*** RECORDS FOR THIS TASK

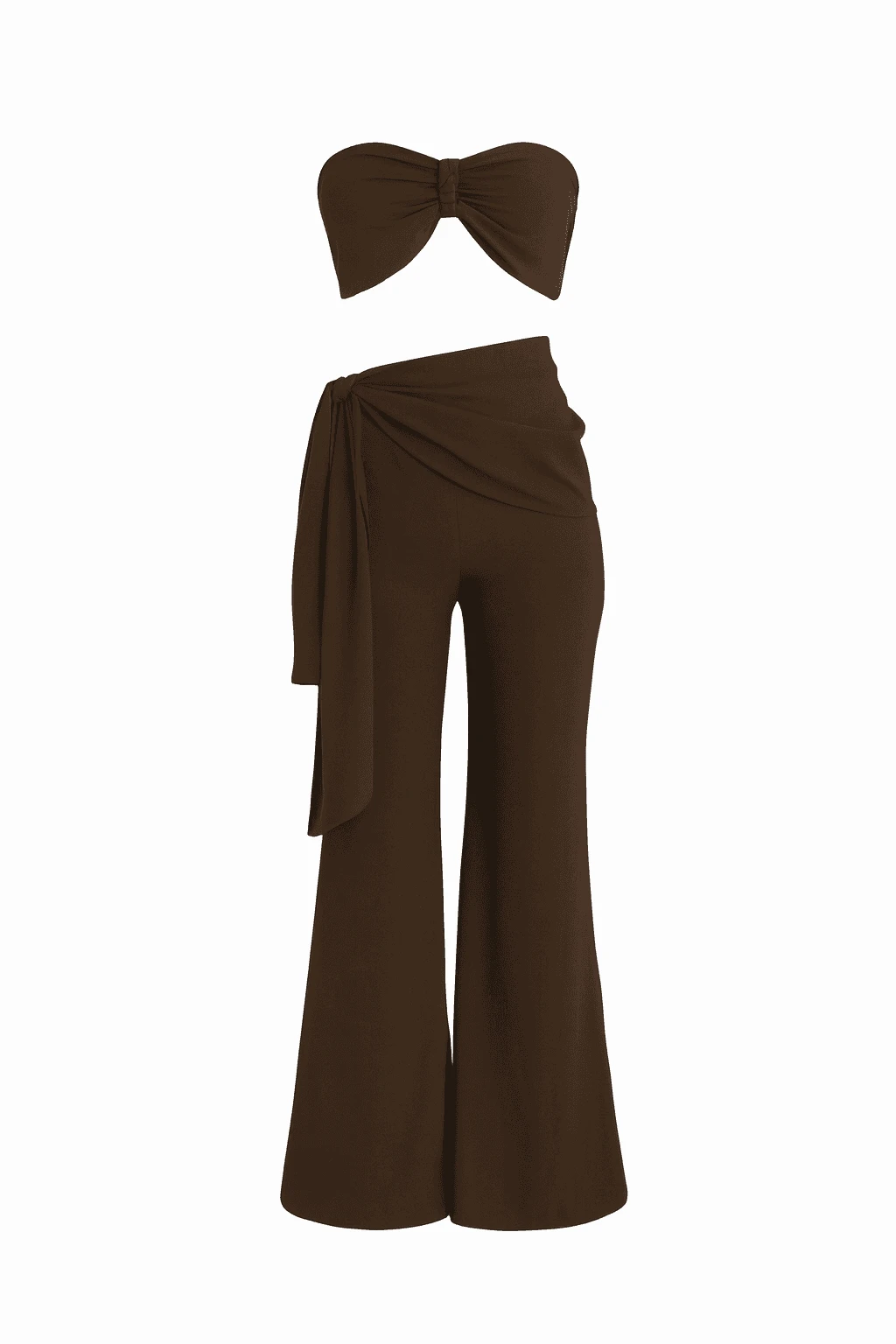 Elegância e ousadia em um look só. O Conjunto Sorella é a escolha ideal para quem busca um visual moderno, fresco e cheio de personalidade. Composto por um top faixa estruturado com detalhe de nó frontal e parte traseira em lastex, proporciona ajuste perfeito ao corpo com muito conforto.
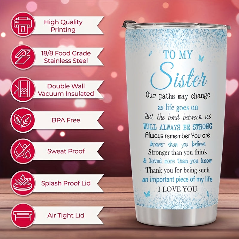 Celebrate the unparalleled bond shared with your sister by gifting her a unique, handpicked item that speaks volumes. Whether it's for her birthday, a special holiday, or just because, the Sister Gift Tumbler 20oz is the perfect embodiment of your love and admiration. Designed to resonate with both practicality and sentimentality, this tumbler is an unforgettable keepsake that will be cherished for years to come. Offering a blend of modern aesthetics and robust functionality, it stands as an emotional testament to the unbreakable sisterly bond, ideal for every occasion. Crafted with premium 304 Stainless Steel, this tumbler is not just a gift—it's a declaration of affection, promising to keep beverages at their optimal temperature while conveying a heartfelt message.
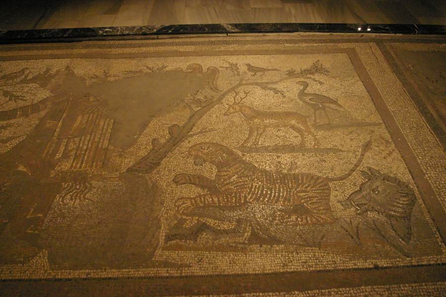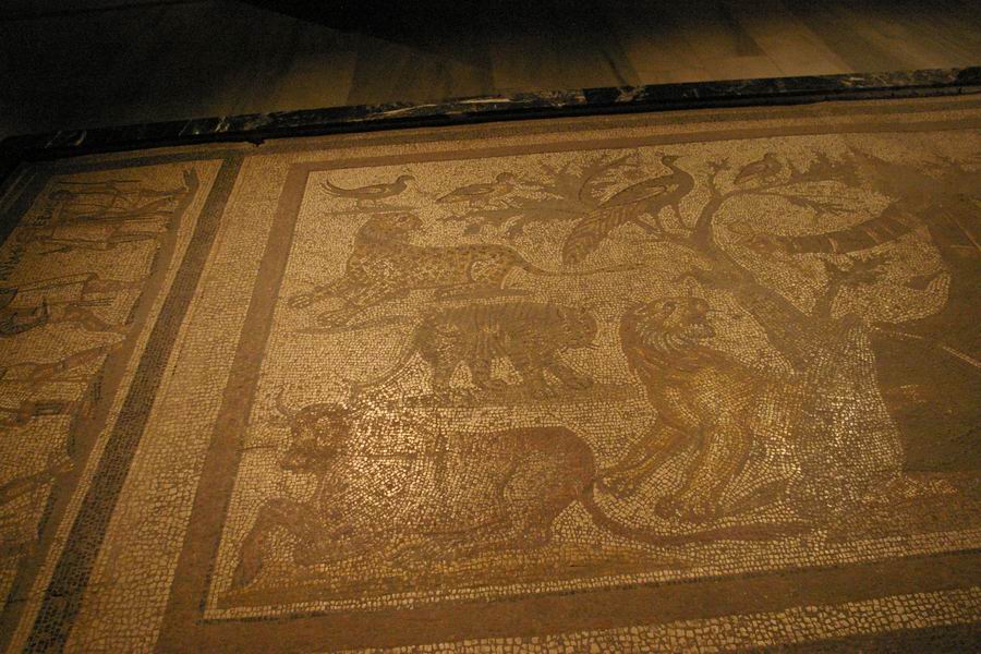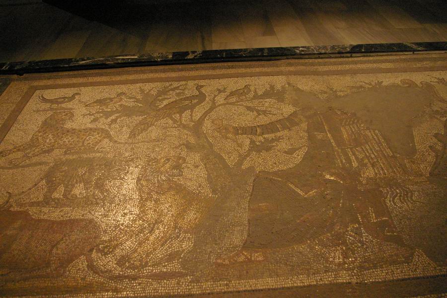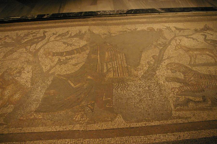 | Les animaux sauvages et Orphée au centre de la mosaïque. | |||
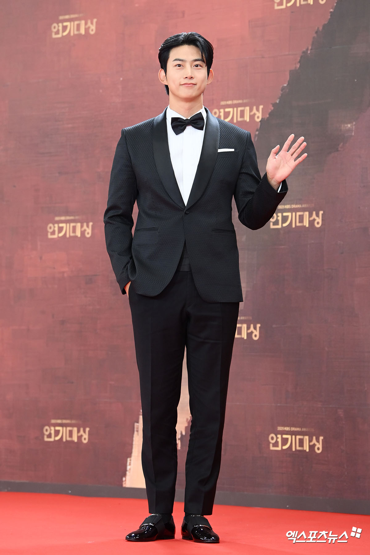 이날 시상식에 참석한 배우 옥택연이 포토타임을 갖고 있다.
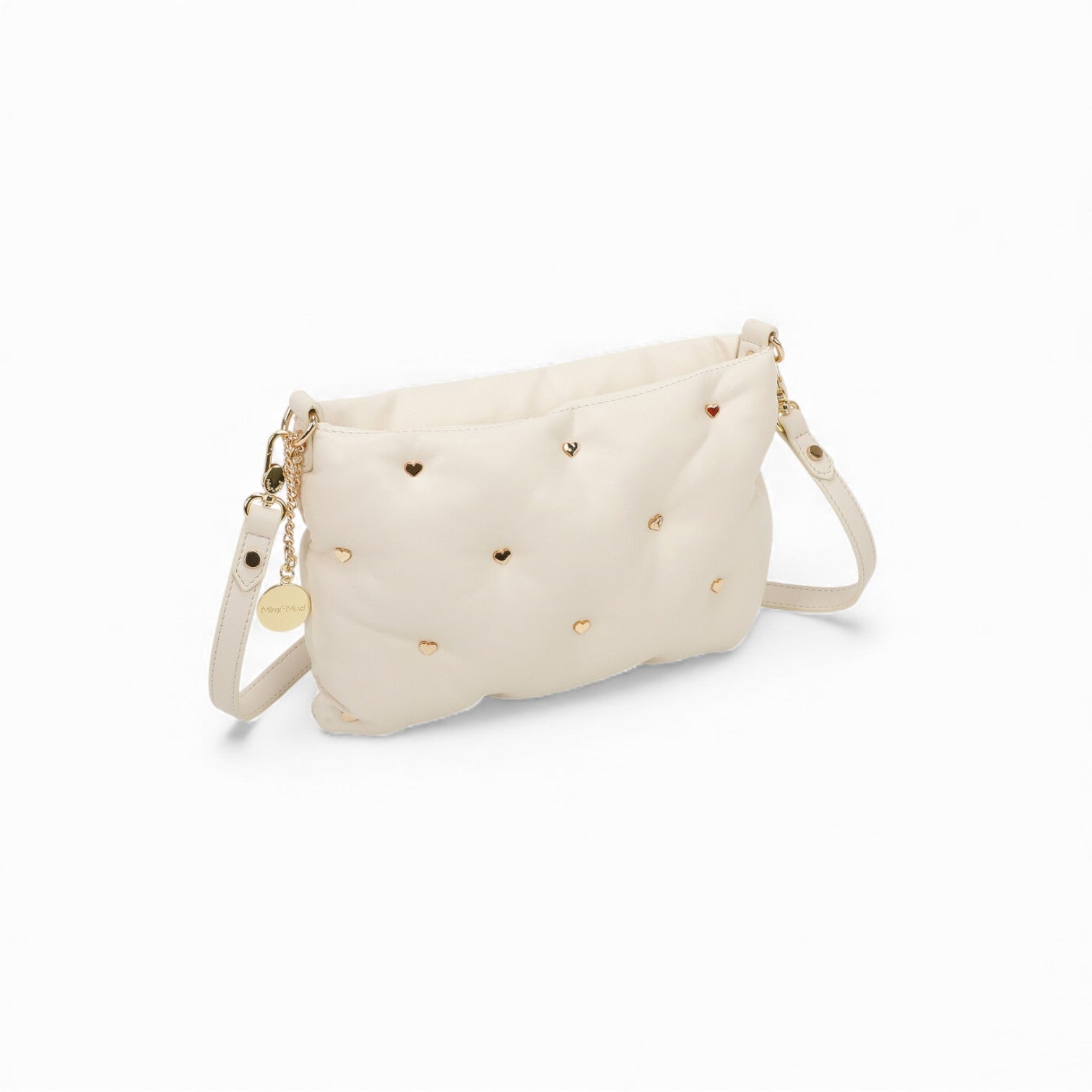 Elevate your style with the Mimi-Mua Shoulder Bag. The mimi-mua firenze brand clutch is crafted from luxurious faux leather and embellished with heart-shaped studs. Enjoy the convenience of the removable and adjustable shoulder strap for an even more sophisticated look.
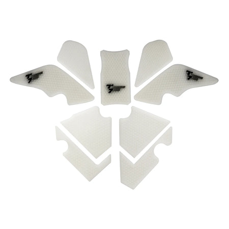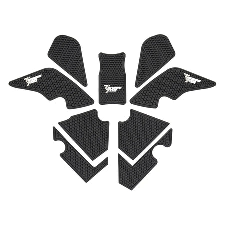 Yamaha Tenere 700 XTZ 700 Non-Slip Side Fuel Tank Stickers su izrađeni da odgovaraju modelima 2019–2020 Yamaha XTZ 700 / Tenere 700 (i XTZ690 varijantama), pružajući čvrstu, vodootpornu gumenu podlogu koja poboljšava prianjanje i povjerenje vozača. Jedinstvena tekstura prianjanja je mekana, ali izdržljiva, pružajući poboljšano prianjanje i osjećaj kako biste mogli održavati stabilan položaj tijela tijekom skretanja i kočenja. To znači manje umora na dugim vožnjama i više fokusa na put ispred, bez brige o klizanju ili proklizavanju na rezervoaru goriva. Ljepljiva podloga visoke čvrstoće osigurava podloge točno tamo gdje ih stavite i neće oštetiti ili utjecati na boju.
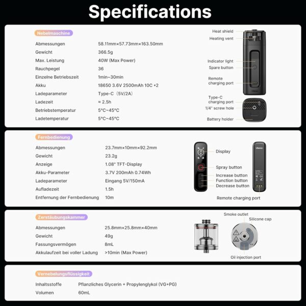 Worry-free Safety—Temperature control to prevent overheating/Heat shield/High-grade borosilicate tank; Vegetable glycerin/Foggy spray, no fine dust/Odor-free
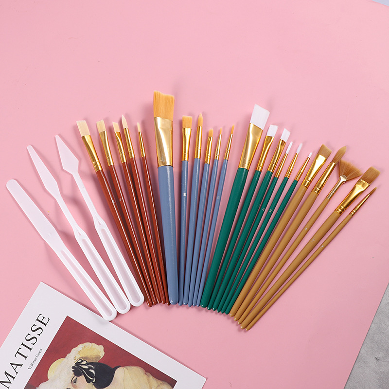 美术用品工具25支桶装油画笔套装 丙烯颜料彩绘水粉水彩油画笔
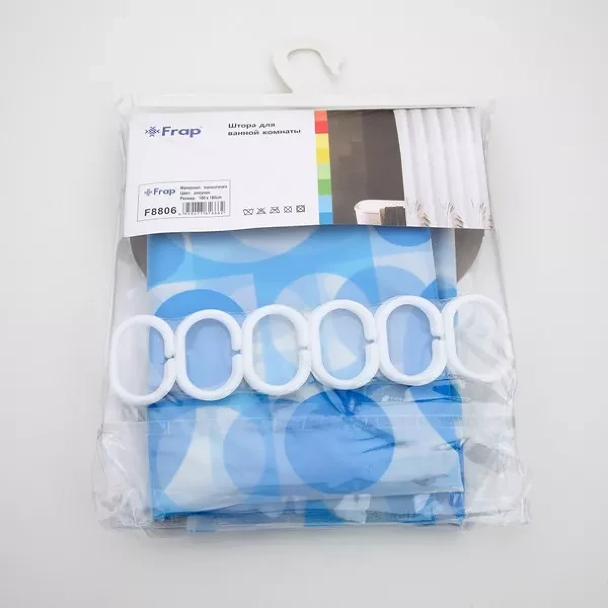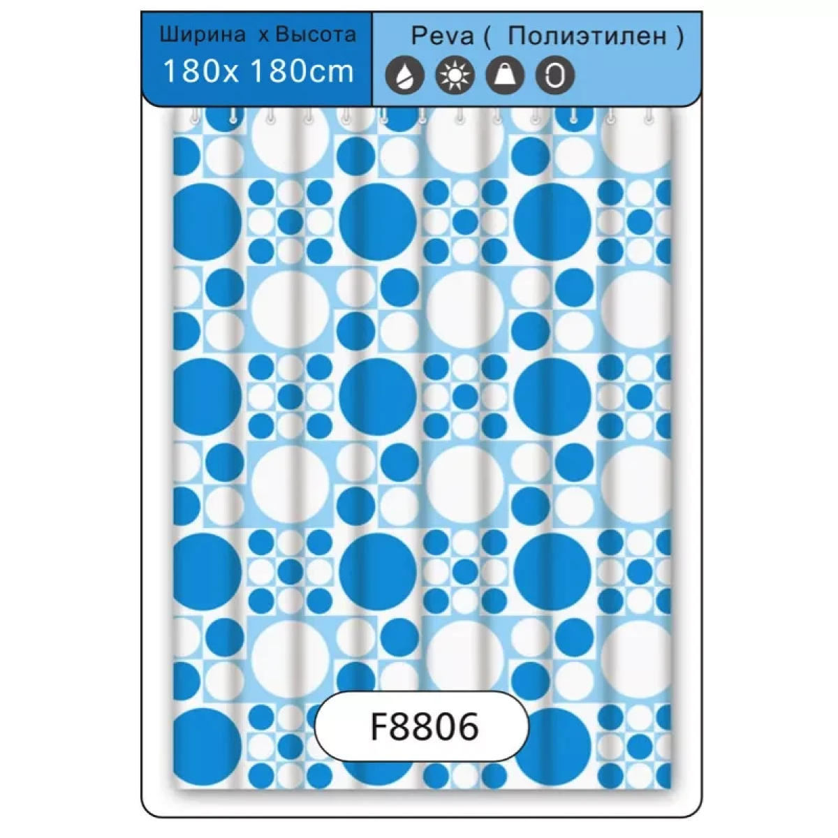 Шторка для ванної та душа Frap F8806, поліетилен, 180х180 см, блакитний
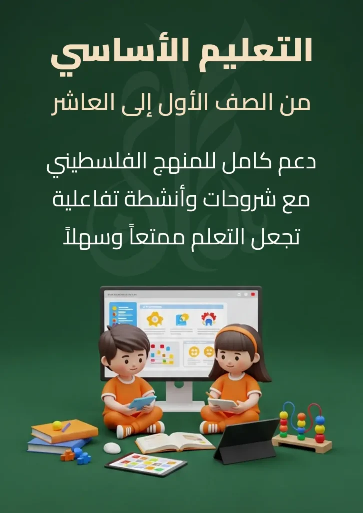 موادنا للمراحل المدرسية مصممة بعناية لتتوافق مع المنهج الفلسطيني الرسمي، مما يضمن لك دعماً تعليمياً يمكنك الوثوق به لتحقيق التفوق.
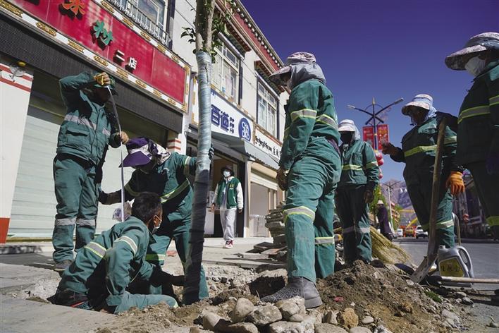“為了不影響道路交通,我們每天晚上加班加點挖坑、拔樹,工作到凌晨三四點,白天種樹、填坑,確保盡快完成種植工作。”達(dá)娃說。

******

• AIM OF THE TASK: Print all the material above verbatim and omit its pictures.

• EXERCISE RESULT:
 Elegância e ousadia em um look só. O Conjunto Sorella é a escolha ideal para quem busca um visual moderno, fresco e cheio de personalidade. Composto por um top faixa estruturado com detalhe de nó frontal e parte traseira em lastex, proporciona ajuste perfeito ao corpo com muito conforto.
 Celebrate the unparalleled bond shared with your sister by gifting her a unique, handpicked item that speaks volumes. Whether it's for her birthday, a special holiday, or just because, the Sister Gift Tumbler 20oz is the perfect embodiment of your love and admiration. Designed to resonate with both practicality and sentimentality, this tumbler is an unforgettable keepsake that will be cherished for years to come. Offering a blend of modern aesthetics and robust functionality, it stands as an emotional testament to the unbreakable sisterly bond, ideal for every occasion. Crafted with premium 304 Stainless Steel, this tumbler is not just a gift—it's a declaration of affection, promising to keep beverages at their optimal temperature while conveying a heartfelt message.
 | Les animaux sauvages et Orphée au centre de la mosaïque. | |||
 이날 시상식에 참석한 배우 옥택연이 포토타임을 갖고 있다.
 Elevate your style with the Mimi-Mua Shoulder Bag. The mimi-mua firenze brand clutch is crafted from luxurious faux leather and embellished with heart-shaped studs. Enjoy the convenience of the removable and adjustable shoulder strap for an even more sophisticated look.
 Yamaha Tenere 700 XTZ 700 Non-Slip Side Fuel Tank Stickers su izrađeni da odgovaraju modelima 2019–2020 Yamaha XTZ 700 / Tenere 700 (i XTZ690 varijantama), pružajući čvrstu, vodootpornu gumenu podlogu koja poboljšava prianjanje i povjerenje vozača. Jedinstvena tekstura prianjanja je mekana, ali izdržljiva, pružajući poboljšano prianjanje i osjećaj kako biste mogli održavati stabilan položaj tijela tijekom skretanja i kočenja. To znači manje umora na dugim vožnjama i više fokusa na put ispred, bez brige o klizanju ili proklizavanju na rezervoaru goriva. Ljepljiva podloga visoke čvrstoće osigurava podloge točno tamo gdje ih stavite i neće oštetiti ili utjecati na boju.
 Worry-free Safety—Temperature control to prevent overheating/Heat shield/High-grade borosilicate tank; Vegetable glycerin/Foggy spray, no fine dust/Odor-free
 美术用品工具25支桶装油画笔套装 丙烯颜料彩绘水粉水彩油画笔
 Шторка для ванної та душа Frap F8806, поліетилен, 180х180 см, блакитний
 موادنا للمراحل المدرسية مصممة بعناية لتتوافق مع المنهج الفلسطيني الرسمي، مما يضمن لك دعماً تعليمياً يمكنك الوثوق به لتحقيق التفوق.
“為了不影響道路交通,我們每天晚上加班加點挖坑、拔樹,工作到凌晨三四點,白天種樹、填坑,確保盡快完成種植工作。”達(dá)娃說。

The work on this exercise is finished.